An extended conversation with multiple caregivers has become the standard in securing consent for organ donation from living donors. That may be a useful model for us to follow. Separating the discussion of patient and family preferences for delineating the boundaries on LST seems reasonable and less overwhelming. Anesthesiologists, who administer life sustaining interventions in the operating room and participate in or direct intensive care units, may be more appropriate agents for discussion of postoperative LST and obtaining informed consent for its conduct and limits. Intensive care nurses, who have a critical role and keen interest in reducing ambiguity about the limits of LST are also appropriate candidates.

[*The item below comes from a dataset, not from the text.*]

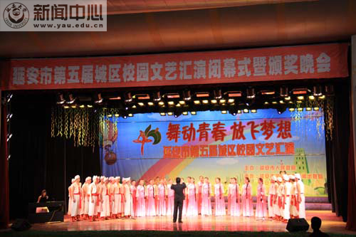 本网讯 9月26日晚7:30分,由延安市人民政府主办,市文广局、教育局和宝塔区政府承办的,以“舞动青春,放飞梦想”为主题的,延安市第五届城区校园文艺汇演颁奖晚会在延安大礼堂举行,至此四年一届的城区校园文艺汇演活动落下帷幕。延安市委常委、副市长冯继红出席晚会,并为获得一等奖的节目颁了奖。

Training and continuing education of surgeons and their operating teams can help address the ars moriendi of post-operative life sustaining treatment. I would be grateful for advice from our surgical readers on how they approach this important issue.

M.M.

1. Gawande A. Letting go. New Yorker, August 2, 2010.

2. McKneally MF, et al. Responding to trust: Surgeons’ Perspective on informed consent. World J Surg 2009; 33:1341-7.

3. Pecanac K, et al. It’s big surgery. Ann Surg 2013;00:1-6.

4. “Oregon’s path in eliciting, recording and respecting wishes across settings of care.” Susan Tolle MD, May 29, 2013 (Link to article).